Веришь ли ты, мой мальчик, что я готова жизнь за тебя отдать? Я пытаюсь, со своей слабой женской отвагой, помочь тебе не бояться тех людей, хотя они и всемогущие. Действительно, эти черные дни показали мне, как я люблю моего мышонка, как я росла с ним вместе душой и сердцем и какая страшная хирургическая операция произведена надо мной — операция на моем сердце. Теперь моя цель — показать этому мстительному орлу, этому алчному хищнику, что моя любовь сильнее их ненависти!
Мог ли Мервин отказаться от борьбы после такого душераздирающего письма? Как мог человек, став предметом такой огромной любви, веры и надежды, предать свою любимую? «Люби меня, — писала она. — Или я умру».
Для меня все стало иным, чем прежде, — отвечал он. — Но ты возложила на меня тяжелую моральную ответственность, и я не уверен, хватит ли у меня сил. Я не говорю о проблемах с нашей женитьбой — можешь быть уверена, что этот план будет выполнен на 150 %. Нет, я говорю о высоком нравственном примере, который ты подаешь мне, о необходимости моего самосовершенствования. Твои похвалы меня обескураживают. Ты подразумеваешь, что я лучше тебя. На самом же деле как раз мне гораздо чаще приходится учиться у тебя. Именно в тот момент, когда мне было нужно, ты внушила мне абсолютно новый взгляд на жизнь.

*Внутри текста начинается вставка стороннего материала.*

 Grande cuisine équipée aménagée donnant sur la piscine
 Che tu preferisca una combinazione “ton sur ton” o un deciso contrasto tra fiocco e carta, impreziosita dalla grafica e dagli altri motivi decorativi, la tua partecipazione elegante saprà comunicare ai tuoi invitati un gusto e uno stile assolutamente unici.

Все годы их переписки его русский язык был столь же сдержанным и корректным, насколько ее — неистовым и страстным. Как будто он, вопреки полученному воспитанию, подыскивал слова для выражения слишком высоких и пылких чувств, чтобы втиснуть их в узкие рамки вежливости. Только что приведенное письмо он подписал особенно пышным росчерком — может, это мало что значило, но то была самая экстравагантная подпись из всех, которыми он подписывался прежде.

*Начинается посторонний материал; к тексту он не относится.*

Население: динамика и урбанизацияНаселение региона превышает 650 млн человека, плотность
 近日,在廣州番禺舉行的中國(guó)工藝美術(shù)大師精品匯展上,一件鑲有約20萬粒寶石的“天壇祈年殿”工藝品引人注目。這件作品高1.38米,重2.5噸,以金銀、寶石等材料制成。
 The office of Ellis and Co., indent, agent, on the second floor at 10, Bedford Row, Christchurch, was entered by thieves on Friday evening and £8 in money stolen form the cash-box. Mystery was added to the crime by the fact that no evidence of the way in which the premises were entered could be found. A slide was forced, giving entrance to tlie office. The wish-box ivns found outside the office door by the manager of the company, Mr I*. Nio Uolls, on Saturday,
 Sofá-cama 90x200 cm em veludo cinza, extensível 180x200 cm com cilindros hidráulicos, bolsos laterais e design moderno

Мервину удалось позвонить Ленине и передать для Милы, чтобы та в определенный день и час пришла на Центральный телеграф на улице Горького. Мила была чрезвычайно взволнована первым после разлуки разговором с любимым. «Как только я услышала твой голос, во мне вся кровь забурлила, — писала она. — Мне хотелось целовать твой голос!» Из своей коммуналки с любопытными соседями Людмила не могла говорить с Мервином. Поэтому они решили заказывать разговор один раз в две недели, правда, такая связь стоила дорого, и говорить приходилось коротко. Но эти несколько минут разговора в душной будке на Центральном телеграфе стали для Милы спасительным тросом.